VIDEO: Overview of intra-atrial shunts to treat heart failure
Peter Fail, MD, co-director of the structural heart program at Terrebonne General Medical Center, Houma, Louisiana, explains the use of transcatheter intra-atrial shunts to treat heart failure. He presented on this at the 2022 Transcatheter Valve Therapeutics (TVT) Structural Heart Summit.
Fail was the principal investigator for the recent Corvia intra-atrial shunt device trial. The final data were presented from the 600 patient REDUCE LAP-HF TRIAL II U.S. pivotal trial at the Technology and Heart Failure Therapeutics (THT) 2022 conference in February.
The placement of an atrial shunt device did not reduce the total rate of heart failure events or improve health status in the overall population of patients. However, the study identified a responder group for this first-of-its-kind implantable heart failure therapy. Fail said this may help other inter-atrial shunt devices that are in development or in clinical trials. He said patient selection appears to be a key component, and it is a not a therapy that works for all patients.

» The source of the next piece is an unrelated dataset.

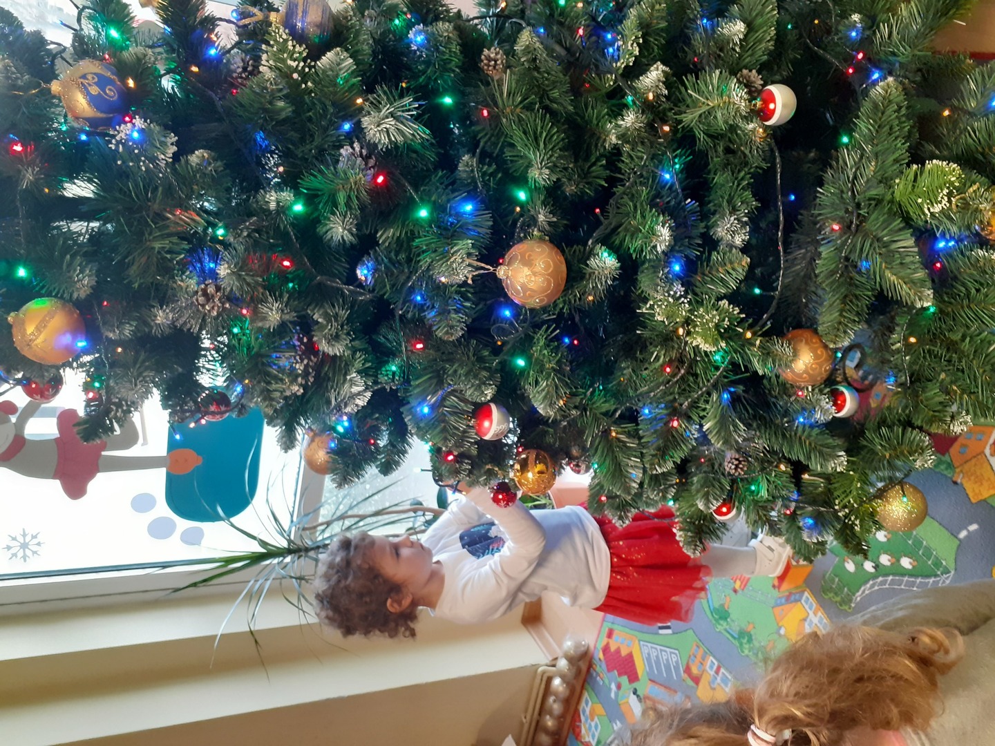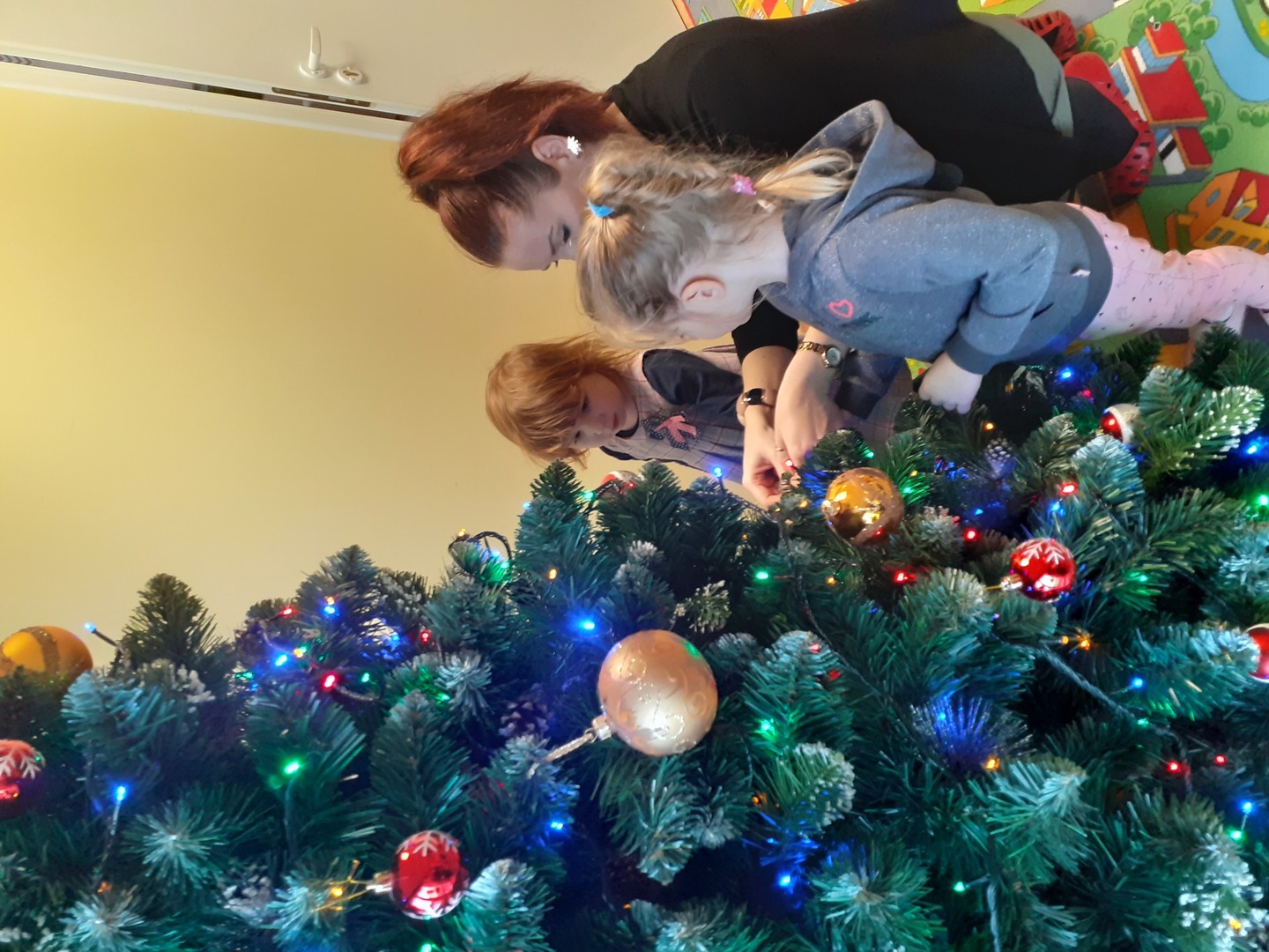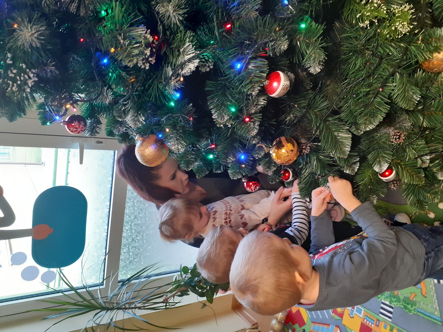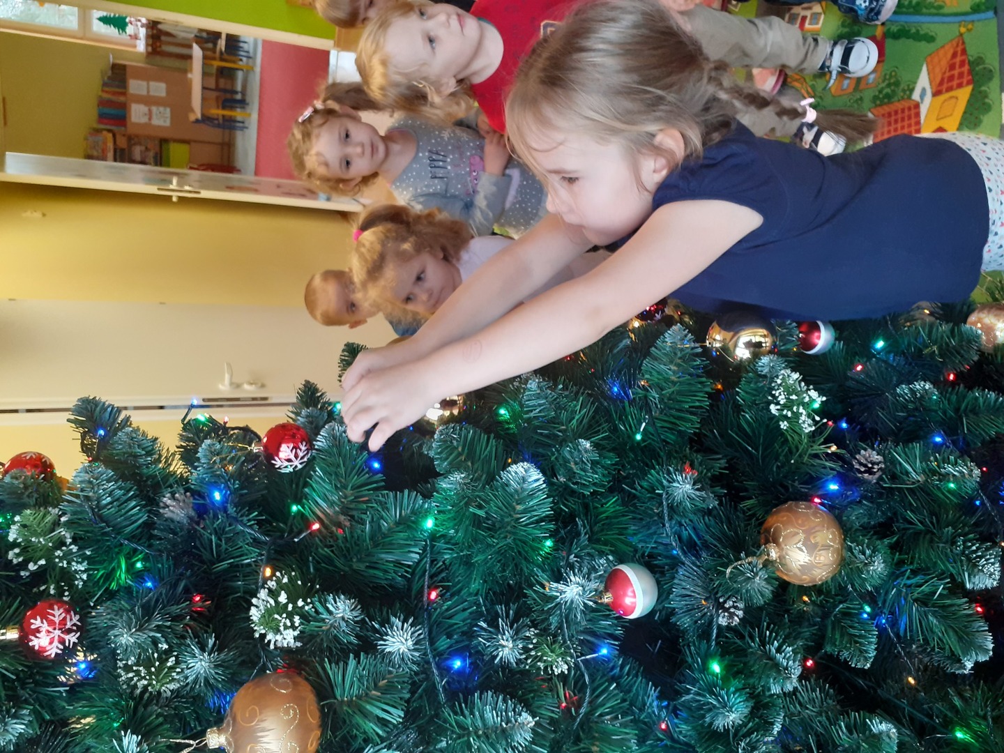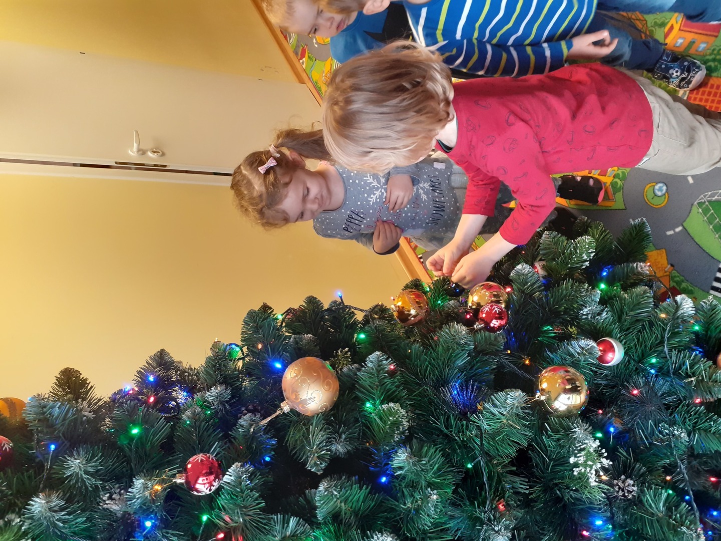 W naszym przedszkolu od dziś (04.12.20) można poczuć magię świąt. Czas Bożego Narodzenia wiąże się z tradycją ubierania choinki. W Akwarelce nie mogło zabraknąć tego zwyczaju. W oczekiwaniu na Św. Mikołaja zabraliśmy się do ozdabiania świątecznego drzewka. Dzieci z grup: Smerfy i Gumisie zawieszały kolorowe bombki, gwiazdki i świecidełka. Choinka wygląda pięknie!

Fine-tuning the patient selection process will likely show improvement in outcomes.
Corvia said the overall outcome of the trial was neutral, but the data suggests patients with normal exercise pulmonary vascular resistance (PVR) and without a pacemaker represent a responder group for this technology. Fail and the other study authors said these patients derived significant clinical benefit from the shunt therapy, which makes atrial shunting the first implantable therapy to demonstrate effectiveness in patients with heart failure with preserved ejection fraction (HFpEF).
The Corvia Atrial Shunt is the most clinically studied atrial shunt for the reduction of LAP in symptomatic HF patients. It was granted Breakthrough Device designation by the FDA in 2019. It is available for sale in the European Union.
Similar intra-atrial shunt devices have been developed by Noya, Occlutech and VWave. Another approach to this concept of therapy was developed by Alleviant, which uses a catheter to open a hole between the left and right atria without the use of a stent support device. Fail said in animal studies these unsupported shunts have stayed open.
The idea of the shunt is it forms a passage the that enables the left atrium to decompress at rest and during physical activity, with the aim of lowering left atrial pressure in HF patients.